Buddha Nullah, literally meaning "old rivulet or "old watercourse", originates at village Koom Kalan of Ludhiana and it runs parallel to the Satluj on its south for a fairly large section of its course in the Ludhiana district and ultimately joins the Satluj at Walipur Kalan in the northwestern corner of the district. Cities of Ludhiana and Machhiwara are situated to the south of the Buddha Nala.

Under the high-bank of the old course of the Sutlej emerges the Buddha Nullah, where is a perennial stream that originates at Chamkaur and enters Ludhiana district near Bahlopur, passing nearby the city of Ludhiana, re-entering the Sutlej at Jagraon Tehsil, near the district boundary with the neighbouring Firozpur district.

==Pollution and clean-up==
The Buddha Nullah is polluted, with its polluted waters entering the Sirhind Feeder meant for irrigation and subsequently polluting downstream branches, such as the Abohar Branch.
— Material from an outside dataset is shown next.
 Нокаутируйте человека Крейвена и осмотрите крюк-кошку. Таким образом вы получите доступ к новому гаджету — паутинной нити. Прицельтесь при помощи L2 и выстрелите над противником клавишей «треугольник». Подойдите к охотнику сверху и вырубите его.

In 2006, a Ludhiana-based human rights organization, filed a case regarding the state of this nullah in the Punjab State Human Rights Commission (PSHRC) and even invited environmentalist, Balbir Singh Seechewal, who had earlier cleaned the 164-km-long highly polluted Kali Bein rivulet with the help of his followers and without the government aid, to take the cause of cleaning up the nullah.
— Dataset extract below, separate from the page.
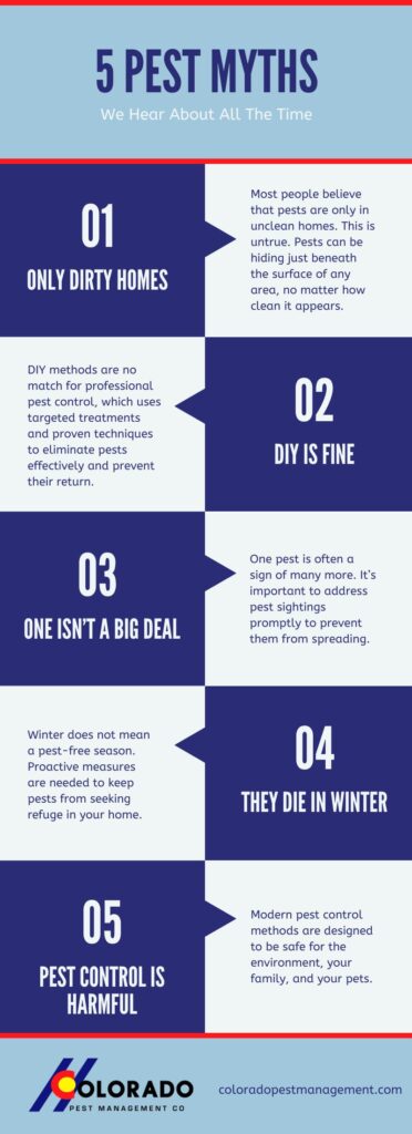 Don’t let pest myths lead you astray. If you’re dealing with pests or want to prevent future infestations, contact Colorado Pest Management. We offer customized pest control solutions to suit your needs. Schedule your consultation today and enjoy peace of mind knowing your home is protected.

A study conducted by Punjab Agricultural University in 2008, revealed presence of toxins and heavy metals in the food chain due to use of its water, to cultivate vegetables and other crops.
This was followed by another study by the School of Public Health, Department of Community Medicine, PGIMER, Chandigarh, and the Punjab Pollution Control Board (PPCB), which also showed heptachlor, beta-endosulphan and chlorpyrifos pesticides in concentrations exceeding the maximum residue limit in samples of ground and canal water used for drinking, the pesticides were also detected in fodder, vegetables, blood, bovine and human milk samples, indicating that these have entered the food chain due to the use of agricultural run-off and irrigation of field with drain water. With increasing poisoning of the soil, the region once hailed as the home to the Green Revolution, now due to excessive use of chemical fertilizer, is being termed the "Other Bhopal", and "even credit-takers of the Revolution have begun to admit they had been wrong, now that they see wastelands and lives lost to farmer suicides in this "granary of India".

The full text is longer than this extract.